The IDF said troops killed several armed operatives and demolished buildings used by terror groups in the area.

In Gaza City, medics at Al-Ahli Hospital said at least five people were killed in two separate airstrikes, and witnesses reported tank shelling in the southern neighborhood of Zeitoun.

At least one strike hit Bureij refugee camp in the central Gaza Strip, residents said.

Mahmud Basal, the spokesman for the civil defense agency in the Hamas-ruled territory, said that apart from the deadly Gaza City strikes overnight, “the other areas of the Gaza Strip are somewhat calm.”

Also Monday, Israel said the United Nations has yet to “take full advantage” of its new route meant to ease the flow of aid into the Gaza Strip after the military announced Sunday a “tactical pause” in daytime fighting along roads leading from a main goods crossing to a north-south highway.

People search for survivors in the rubble of a building following Israeli bombardment at the Bureij refugee camp in the central Gaza Strip on June 16, 2024. (Eyad BABA / AFP)

The route is meant to help address a backlog of aid waiting for pickup on the Gazan side of the crossing.

“We have not seen the UN take full advantage of this step,” said Shimon Freedman, a spokesman for COGAT, an Israeli defense body that oversees aid distribution in Gaza.
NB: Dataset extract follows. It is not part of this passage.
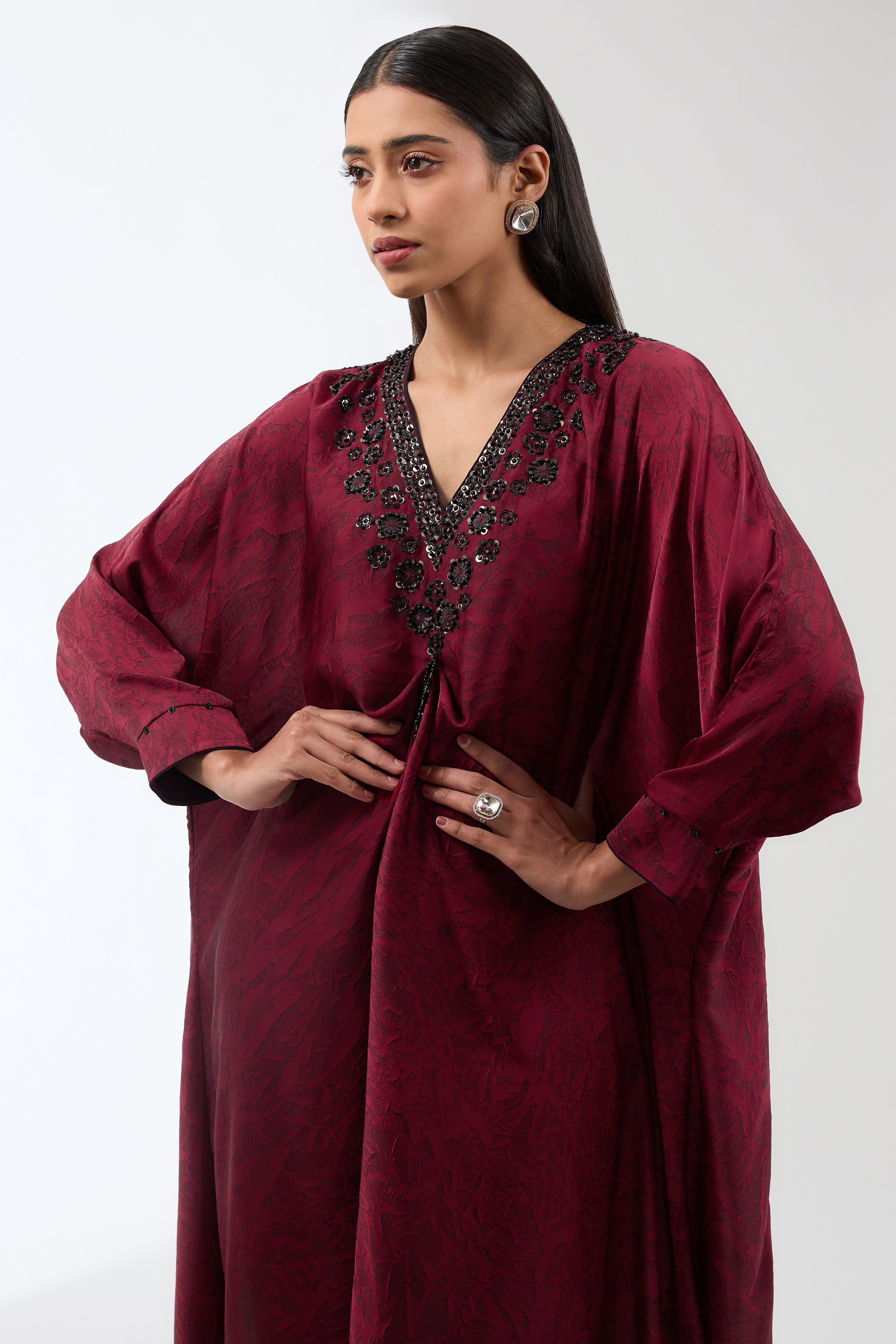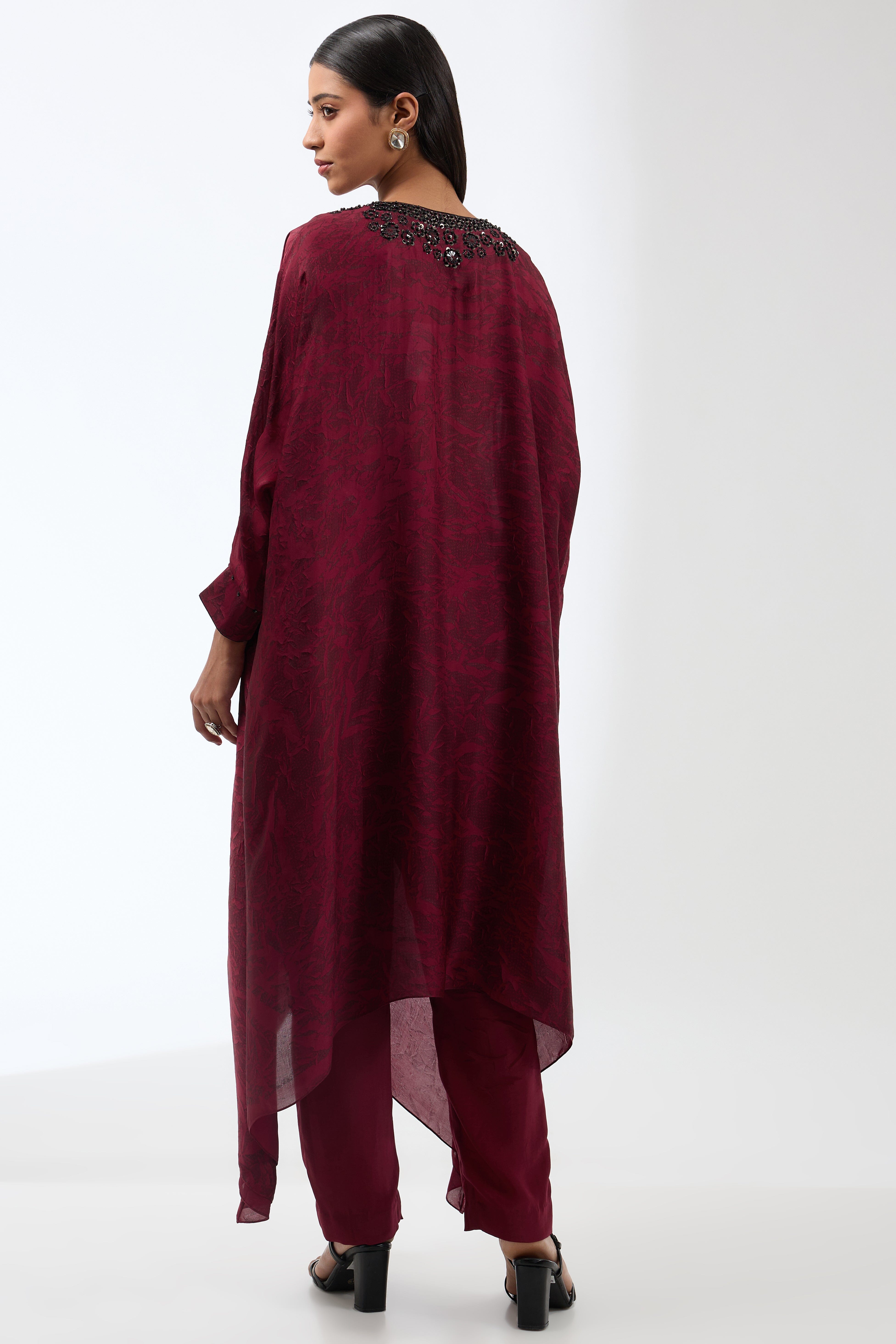 Paint the town maroon in this printed tunic embroidered with pants sequins, paired with trousers.

Freedman made the remarks at a briefing for reporters at the Kerem Shalom crossing.

Jens Laerke, spokesperson for the UN humanitarian office, said workers on the ground were unable to use the route Sunday, blaming a breakdown in law and order in the territory.
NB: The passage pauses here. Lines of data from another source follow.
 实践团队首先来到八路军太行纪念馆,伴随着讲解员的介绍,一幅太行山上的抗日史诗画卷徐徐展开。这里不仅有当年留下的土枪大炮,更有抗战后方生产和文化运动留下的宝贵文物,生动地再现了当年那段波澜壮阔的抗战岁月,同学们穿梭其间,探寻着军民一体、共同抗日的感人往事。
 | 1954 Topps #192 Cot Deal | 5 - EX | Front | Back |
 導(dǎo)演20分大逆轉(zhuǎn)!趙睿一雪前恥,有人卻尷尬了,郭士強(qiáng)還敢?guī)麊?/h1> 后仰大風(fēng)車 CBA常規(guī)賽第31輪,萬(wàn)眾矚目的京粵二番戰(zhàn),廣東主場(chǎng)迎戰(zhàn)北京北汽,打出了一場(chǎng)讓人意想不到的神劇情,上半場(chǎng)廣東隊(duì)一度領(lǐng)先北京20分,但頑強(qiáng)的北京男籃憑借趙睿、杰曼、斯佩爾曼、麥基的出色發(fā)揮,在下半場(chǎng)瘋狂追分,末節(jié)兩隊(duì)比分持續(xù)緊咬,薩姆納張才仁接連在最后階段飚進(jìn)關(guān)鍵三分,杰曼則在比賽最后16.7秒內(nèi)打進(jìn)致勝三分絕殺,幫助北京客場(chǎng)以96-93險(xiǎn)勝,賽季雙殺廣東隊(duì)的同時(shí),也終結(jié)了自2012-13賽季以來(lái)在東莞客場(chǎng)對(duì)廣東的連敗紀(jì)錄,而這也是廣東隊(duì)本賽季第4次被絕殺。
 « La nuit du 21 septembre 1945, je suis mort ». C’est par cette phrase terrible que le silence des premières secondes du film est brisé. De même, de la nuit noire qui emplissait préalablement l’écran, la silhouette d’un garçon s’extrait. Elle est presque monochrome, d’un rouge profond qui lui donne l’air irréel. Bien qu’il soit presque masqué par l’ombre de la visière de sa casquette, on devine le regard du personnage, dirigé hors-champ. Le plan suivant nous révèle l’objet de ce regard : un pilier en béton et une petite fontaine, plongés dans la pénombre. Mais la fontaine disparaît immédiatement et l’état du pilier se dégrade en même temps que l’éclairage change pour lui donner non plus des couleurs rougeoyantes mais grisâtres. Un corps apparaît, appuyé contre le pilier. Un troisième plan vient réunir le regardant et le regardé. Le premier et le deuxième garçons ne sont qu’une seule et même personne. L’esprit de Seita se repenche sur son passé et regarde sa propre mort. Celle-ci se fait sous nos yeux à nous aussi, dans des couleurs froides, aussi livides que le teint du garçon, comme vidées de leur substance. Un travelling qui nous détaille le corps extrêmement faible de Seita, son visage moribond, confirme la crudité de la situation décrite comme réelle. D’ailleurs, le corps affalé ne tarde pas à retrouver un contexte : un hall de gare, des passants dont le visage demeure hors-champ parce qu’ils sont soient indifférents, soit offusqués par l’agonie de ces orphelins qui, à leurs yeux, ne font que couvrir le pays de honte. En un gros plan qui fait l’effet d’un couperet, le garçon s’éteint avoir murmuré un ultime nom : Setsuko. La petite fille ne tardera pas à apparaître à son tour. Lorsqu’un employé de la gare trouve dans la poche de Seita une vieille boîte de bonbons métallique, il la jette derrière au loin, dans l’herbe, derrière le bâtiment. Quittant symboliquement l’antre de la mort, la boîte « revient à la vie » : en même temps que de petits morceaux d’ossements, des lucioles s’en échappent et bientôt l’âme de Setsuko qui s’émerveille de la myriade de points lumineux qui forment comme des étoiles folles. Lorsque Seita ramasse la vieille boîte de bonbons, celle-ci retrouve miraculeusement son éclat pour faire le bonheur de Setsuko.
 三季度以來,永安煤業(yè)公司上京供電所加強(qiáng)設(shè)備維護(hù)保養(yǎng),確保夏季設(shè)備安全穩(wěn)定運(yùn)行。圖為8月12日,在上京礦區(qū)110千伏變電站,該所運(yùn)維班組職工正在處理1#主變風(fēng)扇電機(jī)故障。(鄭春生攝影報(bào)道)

At the Israeli briefing, officials did not say how many trucks have made use of the route.

Freedman said the route will have a military presence and Israeli military spokesperson Rear Adm. Daniel Hagari said Israel will “make sure the road is safe.”

Israeli authorities have continually said the lack of aid reaching desperate Palestinians in Gaza is due to the failure of the UN to distribute supplies within the war-stricken territory. Meanwhile, the UN has claimed Israel is enforcing unnecessary and drawn-out inspection procedures at the crossing, and that fighting in Gaza, along with violence and truck looting, has hampered their distribution efforts.

Freedman said there are more than 1,000 trucks on the Gaza side of the crossing waiting to be picked up for delivery.

A bundle of humanitarian aid for the Gaza Strip with the logo of World Central Kitchen (WCK) on a truck at the Kerem Shalom border crossing in southern Israel, on May 30, 2024 (AP Photo/Tsafrir Abayov, File)

The war in Gaza erupted with the October 7 massacre in southern Israel, during which thousands of Hamas-led terrorists burst across the border into Israel, killing some 1,200 people and seizing 251 hostages, most of them civilians.

The Hamas-run Gaza health ministry says more than 37,000 people in the Strip have been killed or are presumed dead in the fighting so far, though it does not differentiate between civilians and fighters. The toll, which cannot be verified, includes some 15,000 combatants Israel says it has killed in battle. Israel also says it killed some 1,000 terrorists inside Israel on October 7.

Three hundred and eleven troops have been killed during the ground offensive against Hamas and amid operations along the Gaza border. The toll includes a police officer killed in a hostage rescue mission. A civilian Defense Ministry contractor has also been killed in the Strip.

Israel has vowed to eliminate Hamas and destroy its military and governing capabilities to ensure it no longer poses a threat to Israel, but is also involved in indirect talks with the terror group aimed at an extended truce and the release of the 116 hostages believed to still be held by the group, dozens of whom are thought dead. Hamas has also been holding two Israeli civilians who entered the Strip in 2014 and 2015, as well as the bodies of two IDF soldiers who were killed in 2014.